Simple feedforward neural network that subtracts trend before forecasting [Zeng2023].

Based on gluonts.torch.model.d_linear.DLinearEstimator. See GluonTS documentation for additional hyperparameters.

References

[Zeng2023]

Zeng, Ailing, et al. “Are transformers effective for time series forecasting?” AAAI Conference on Artificial Intelligence. 2023.

Parameters:

context_length (int, default = 96) – Number of time units that condition the predictions
hidden_dimension (int, default = 20) – Size of hidden layers in the feedforward network
distr_output (gluonts.torch.distributions.DistributionOutput, default = StudentTOutput()) – Distribution to fit.
scaling ({"mean", "std", None}, default = "mean") – Scaling applied to the inputs. One of "mean" (mean absolute scaling), "std" (standardization), None (no scaling).
max_epochs (int, default = 100) – Number of epochs the model will be trained for
batch_size (int, default = 64) – Size of batches used during training
predict_batch_size (int, default = 500) – Size of batches used during prediction.
num_batches_per_epoch (int, default = 50) – Number of batches processed every epoch
lr (float, default = 1e-3,) – Learning rate used during training
trainer_kwargs (dict, optional) – Optional keyword arguments passed to lightning.Trainer.
early_stopping_patience (int or None, default = 20) – Early stop training if the validation loss doesn’t improve for this many epochs.
weight_decay (float, default = 1e-8) – Weight decay regularization parameter.
keep_lightning_logs (bool, default = False) – If True, lightning_logs directory will NOT be removed after the model finished training.
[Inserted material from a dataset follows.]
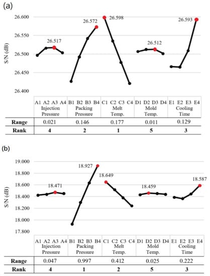 Figure 9a,b show the Taguchi response graphs for the overall roundness and overall concentricity, respectively. Referring to Figure 9a, it is seen that the optimal overall roundness is obtained using factor level settings of A3, B4, C1, D3, and E4, i.e., an injection pressure of 220 MPa, a packing pressure of 240 MPa, a melt temperature of 275 °C, a mold temperature of 90 °C, and a cooling time of 17 s. Furthermore, the simulation results show that the overall roundness is dominated by the melt temperature (Rank 1), packing pressure (Rank 2), and cooling time (Rank 3) in sequence. By contrast, the injection pressure and mold temperature, with smaller S/N ranges of 0.020909 dB and 0.010688 dB, respectively, have only a relatively minor effect on the overall roundness. As shown in Table 3, the S/N value of the overall roundness under the optimal processing conditions (26.755 dB) is 0.283 dB higher than that of the barrel produced under the standard processing conditions (26.472 dB). Moreover, the S/N value is also higher than that produced in any of the simulation runs in the OA. In other words, the effectiveness of the optimized parameter design in minimizing the overall roundness of the molded plastic barrel is confirmed.
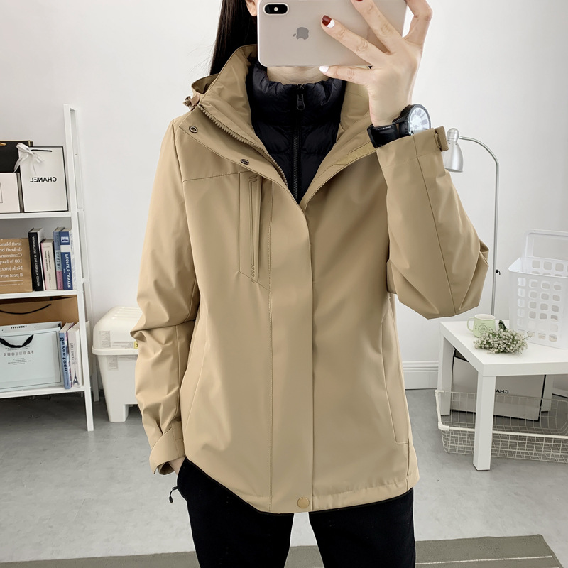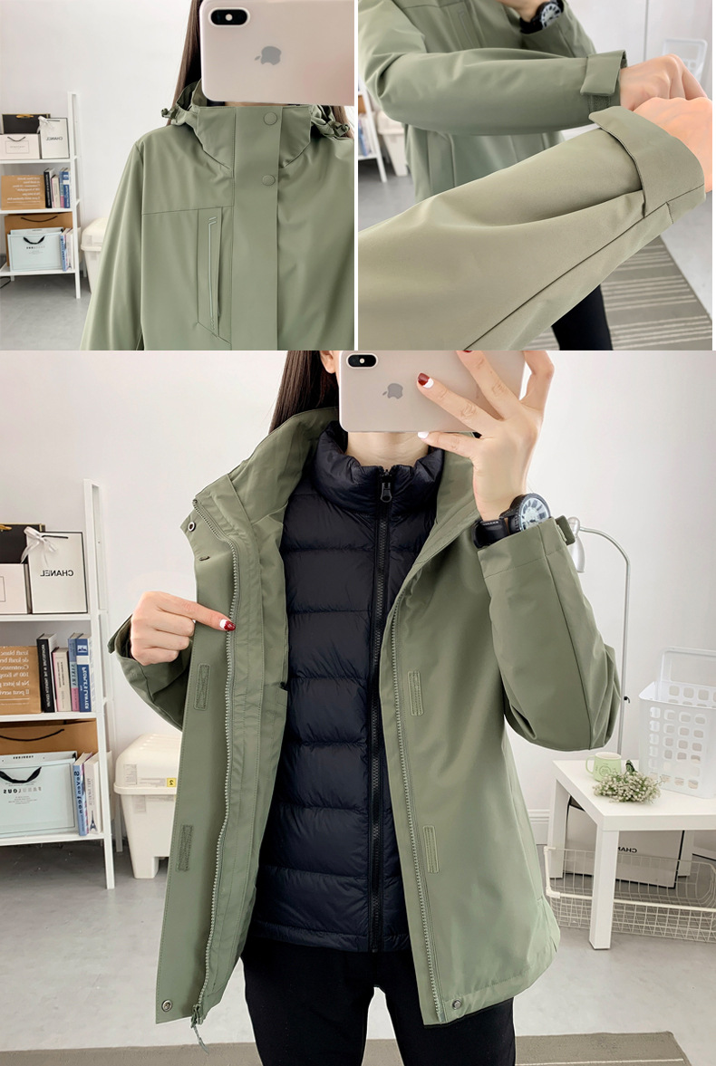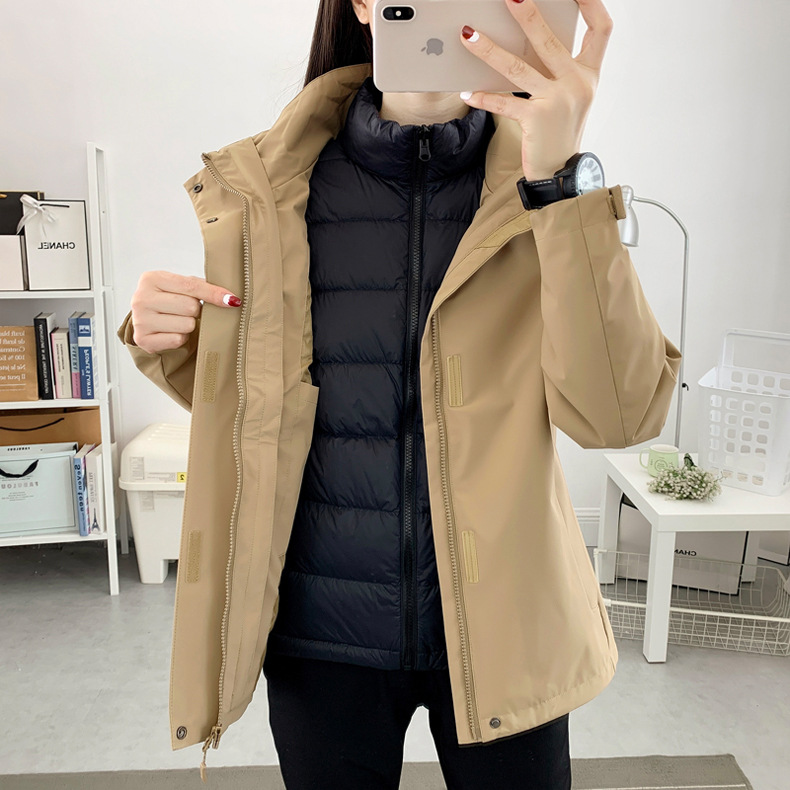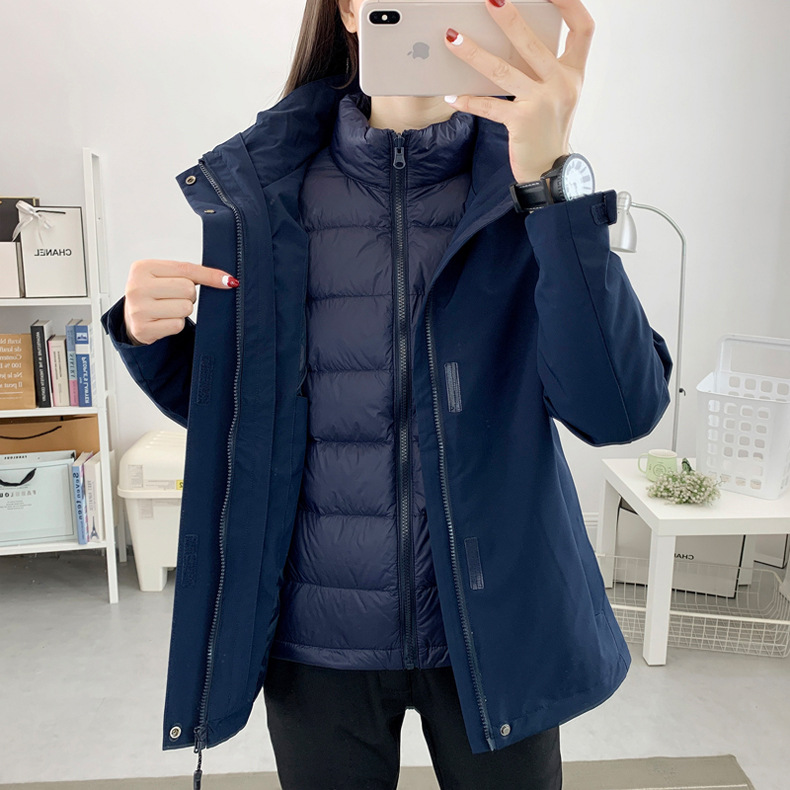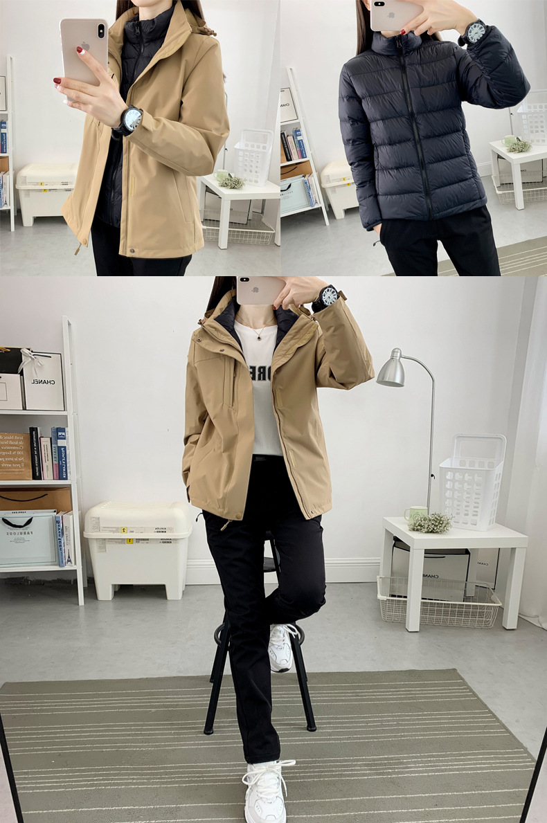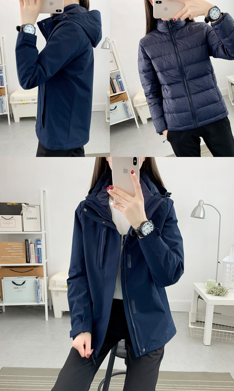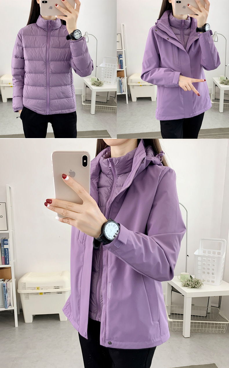 등산 자켓, 카라가 있는 산악 스타일 윈드브레이커, 남녀공용 3-in-1 화이트 덕다운 이너 라이너, 경량 보온 자켓스토어 가기

class autogluon.timeseries.models.PatchTSTModel(freq: str | None = None, prediction_length: int = 1, path: str | None = None, name: str | None = None, eval_metric: str | None = None, hyperparameters: Dict[str, Any] | None = None, **kwargs)[source]¶

Transformer-based forecaster that segments each time series into patches [Nie2023].

Based on gluonts.torch.model.d_linear.PatchTSTEstimator. See GluonTS documentation for additional hyperparameters.

References

[Nie2023]

Nie, Yuqi, et al. “A Time Series is Worth 64 Words: Long-term Forecasting with Transformers.” International Conference on Learning Representations. 2023.

Parameters:

context_length (int, default = 96) – Number of time units that condition the predictions
patch_len (int, default = 16) – Length of the patch.
stride (int, default = 8) – Stride of the patch.
d_model (int, default = 32) – Size of hidden layers in the Transformer encoder.
nhead (int, default = 4) – Number of attention heads in the Transformer encoder which must divide d_model.
num_encoder_layers (int, default = 2) – Number of layers in the Transformer encoder.
distr_output (gluonts.torch.distributions.DistributionOutput, default = StudentTOutput()) – Distribution to fit.
scaling ({"mean", "std", None}, default = "mean") – Scaling applied to the inputs. One of "mean" (mean absolute scaling), "std" (standardization), None (no scaling).
max_epochs (int, default = 100) – Number of epochs the model will be trained for
batch_size (int, default = 64) – Size of batches used during training
num_batches_per_epoch (int, default = 50) – Number of batches processed every epoch
lr (float, default = 1e-3,) – Learning rate used during training
weight_decay (float, default = 1e-8) – Weight decay regularization parameter.
keep_lightning_logs (bool, default = False) – If True, lightning_logs directory will NOT be removed after the model finished training.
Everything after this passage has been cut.